[Supplied data]:
+-------+

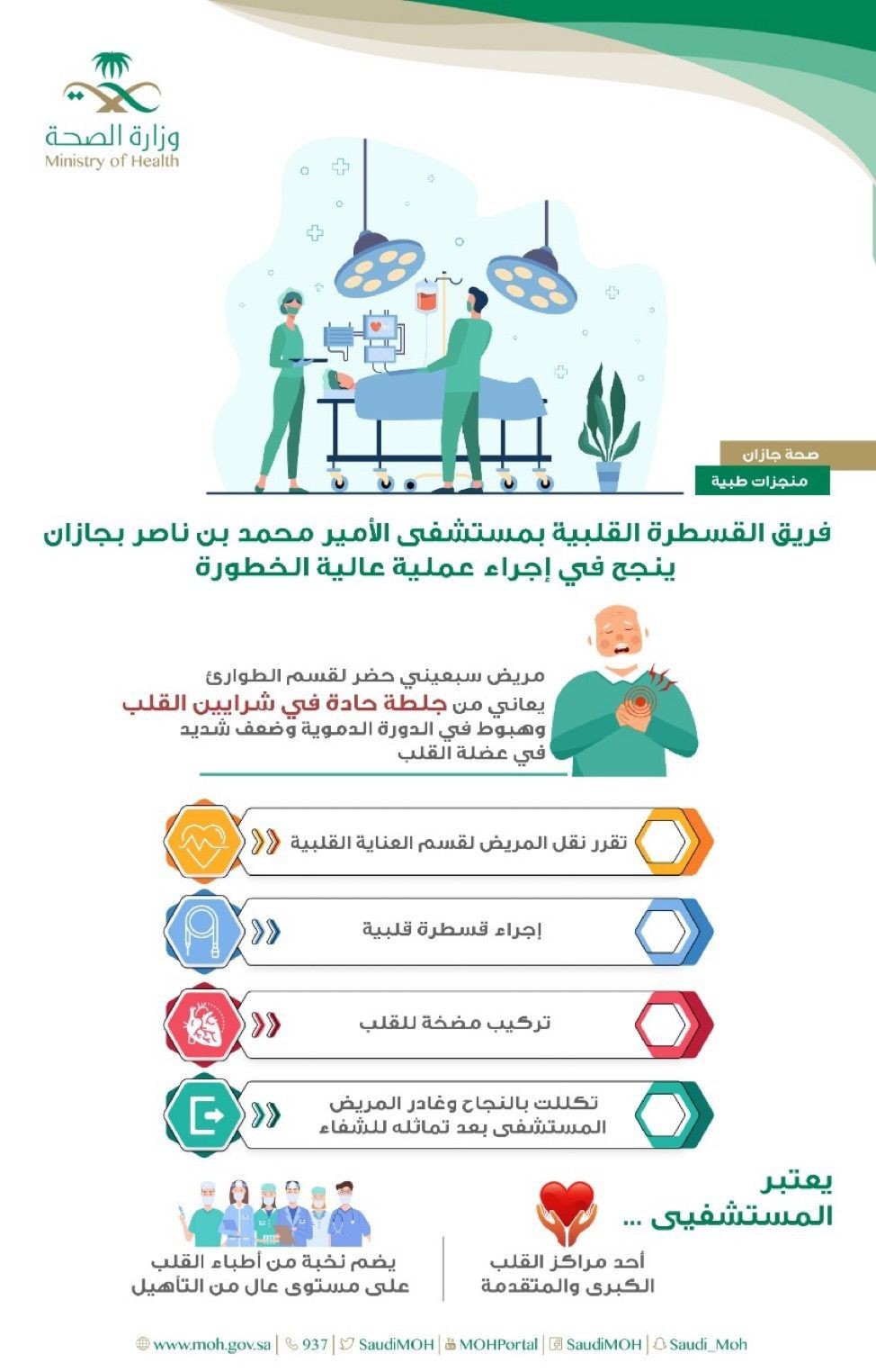 وفي التفاصيل ذكرت صحة جازان بأن المريض حضر لقسم الطوارئ وكان يعاني من جلطة حادة في شرايين القلب وهبوط في الدورة الدموية وضعف شديد في عضلة القلب.
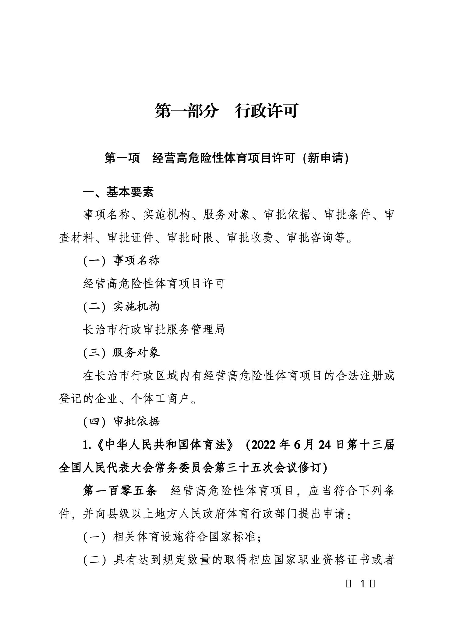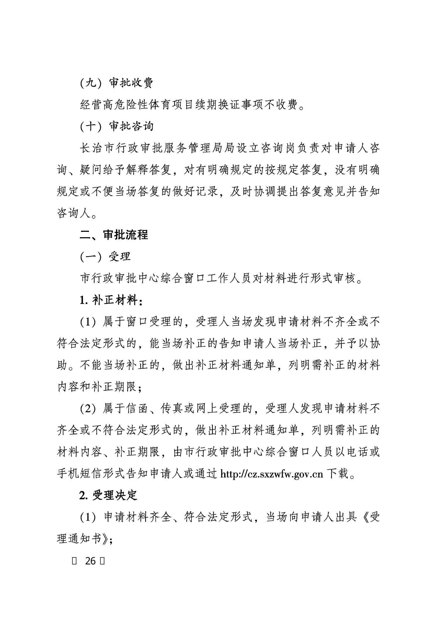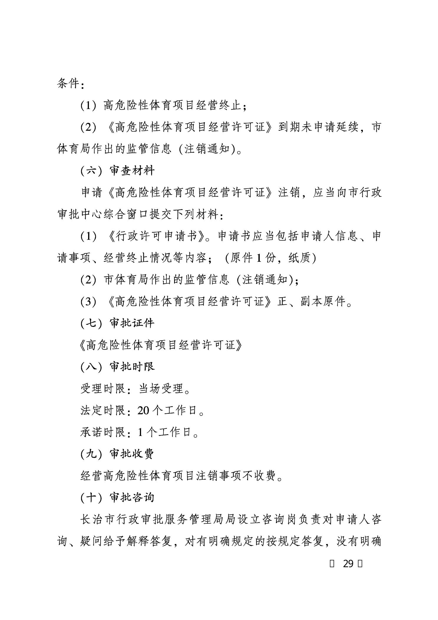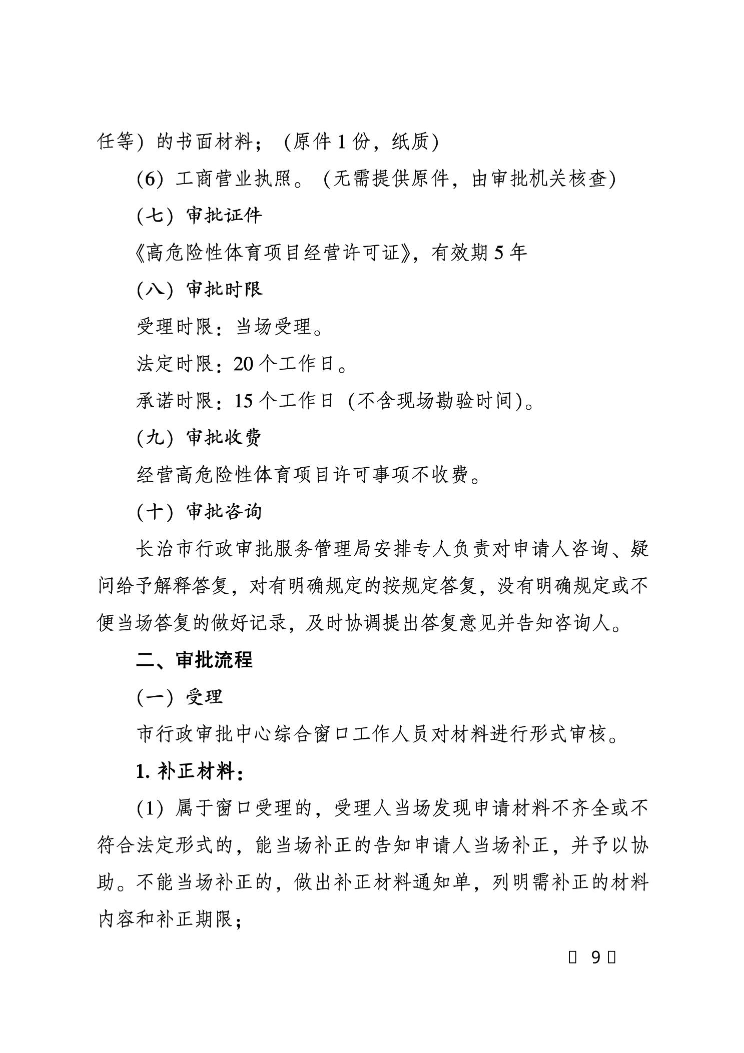 长治市体育局 长治市行政审批服务管理局 关于印发《长治市体育事项行政许可、确认和备案业务手册》的通知
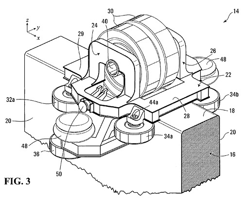 One of the enhancements that Bombardier has made in addition to the walk-through nature of the vehicles is their first use of independent bogies. To accomplish the important walk-through feature, a low profile bogie has been designed that does not require a sizeable raising of the floor level. A 2010 patent filed by Bombardier shows this to look like:
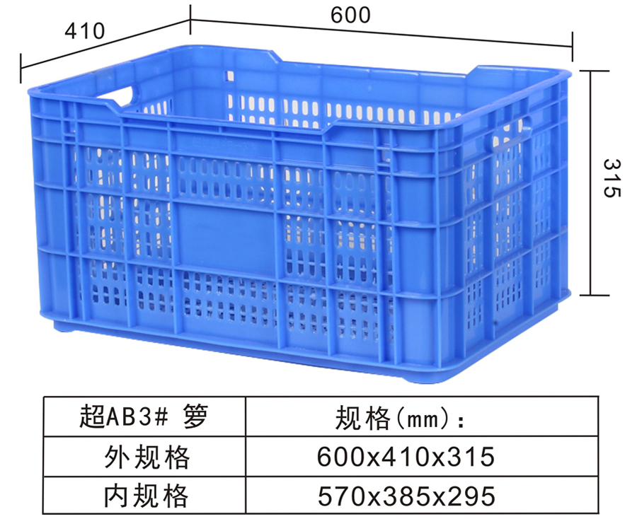 | Color | Low blue,blue,yellow,black,green,red,white,grey,other | Dynamic load | -- | Material | PP,PE | Model | -- | Scope | Fruits, vegetables, machinery parts, refrigeration, storage, transportation and other industries | size | 600×410×315 | Static load | -- | Type | Turnover basket | 100 volume | 7.8m³ | Shelf | -- |
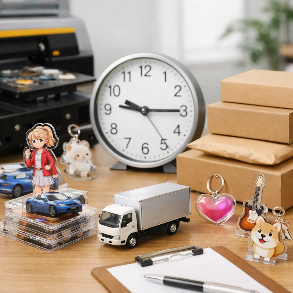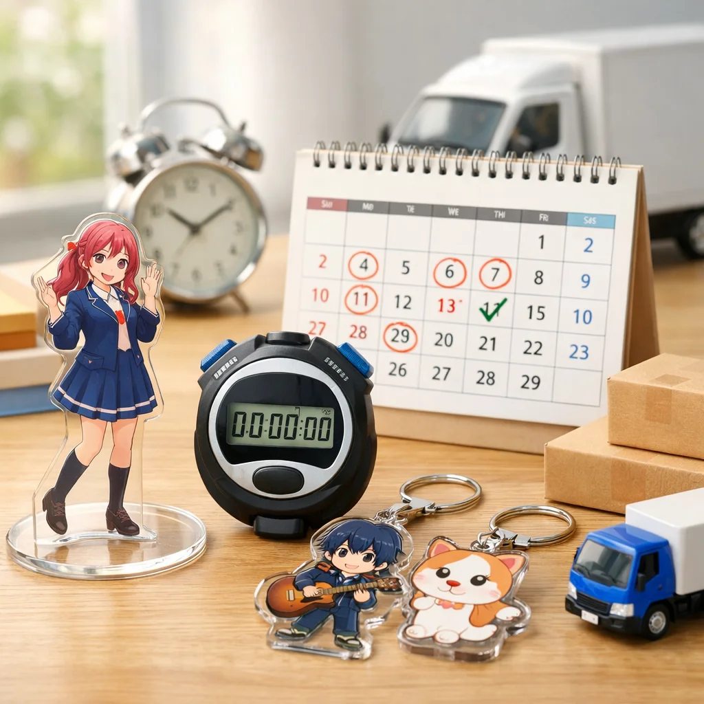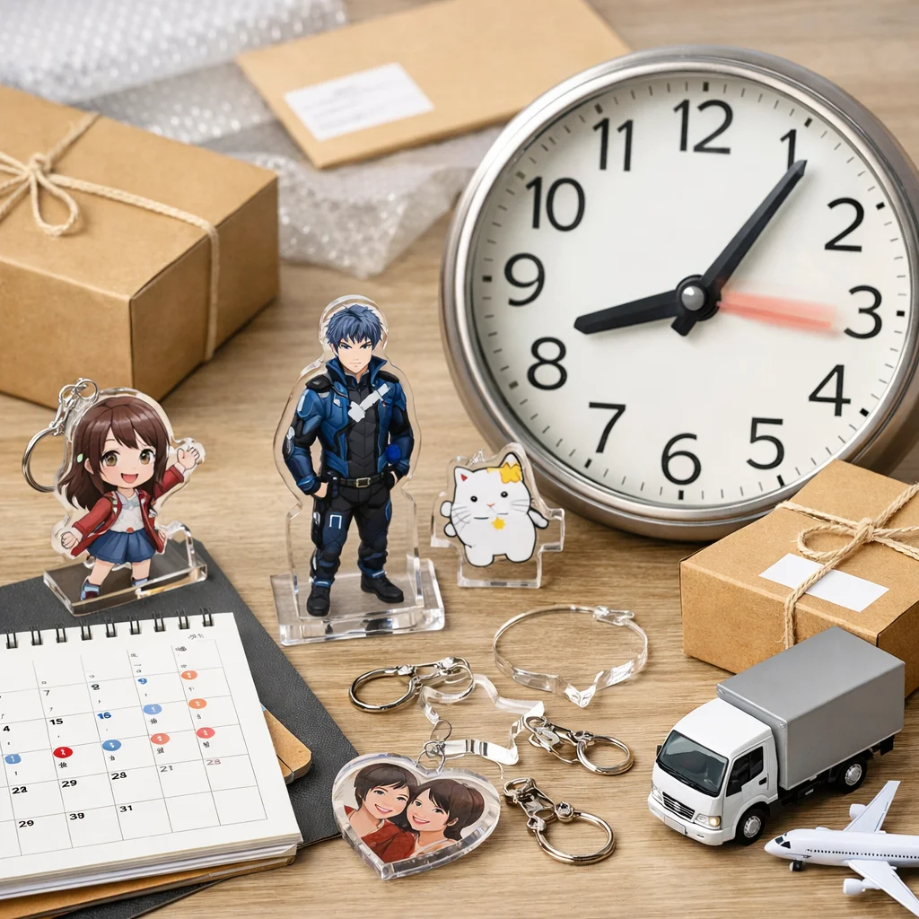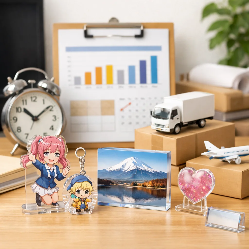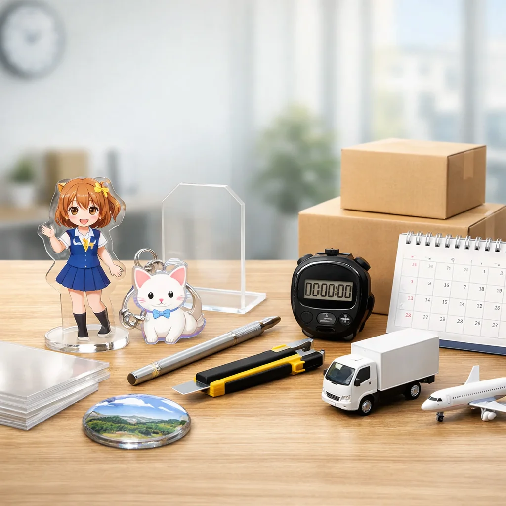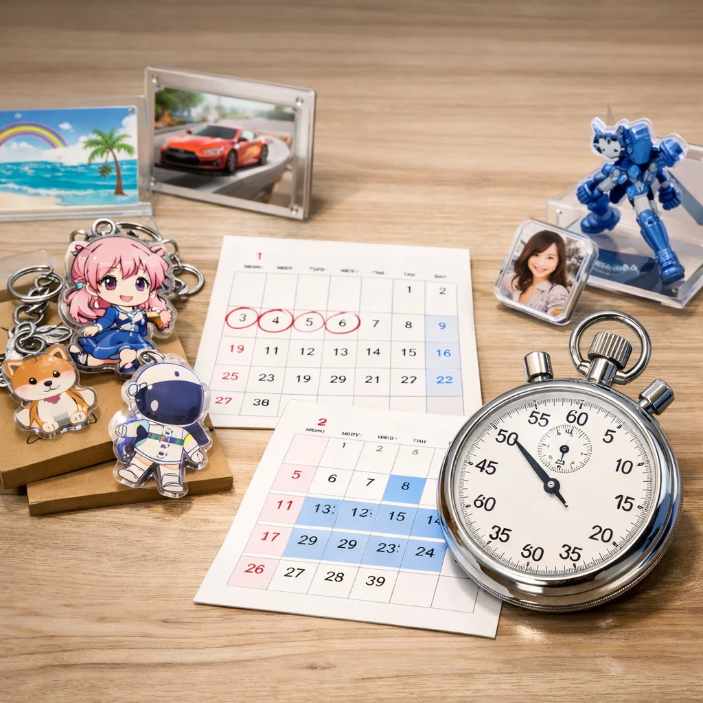 アクリルグッズの納期は、繁忙期に特に影響を受ける。早割や校正遅延、物流混雑が要因で、計画的な逆算スケジュールが重要。

+-------+

[Your objective]:
Could you restate the material word for word, omitting the pictures?

[Solution]:
 وفي التفاصيل ذكرت صحة جازان بأن المريض حضر لقسم الطوارئ وكان يعاني من جلطة حادة في شرايين القلب وهبوط في الدورة الدموية وضعف شديد في عضلة القلب.
 长治市体育局 长治市行政审批服务管理局 关于印发《长治市体育事项行政许可、确认和备案业务手册》的通知
 One of the enhancements that Bombardier has made in addition to the walk-through nature of the vehicles is their first use of independent bogies. To accomplish the important walk-through feature, a low profile bogie has been designed that does not require a sizeable raising of the floor level. A 2010 patent filed by Bombardier shows this to look like:
 | Color | Low blue,blue,yellow,black,green,red,white,grey,other | Dynamic load | -- | Material | PP,PE | Model | -- | Scope | Fruits, vegetables, machinery parts, refrigeration, storage, transportation and other industries | size | 600×410×315 | Static load | -- | Type | Turnover basket | 100 volume | 7.8m³ | Shelf | -- |
 アクリルグッズの納期は、繁忙期に特に影響を受ける。早割や校正遅延、物流混雑が要因で、計画的な逆算スケジュールが重要。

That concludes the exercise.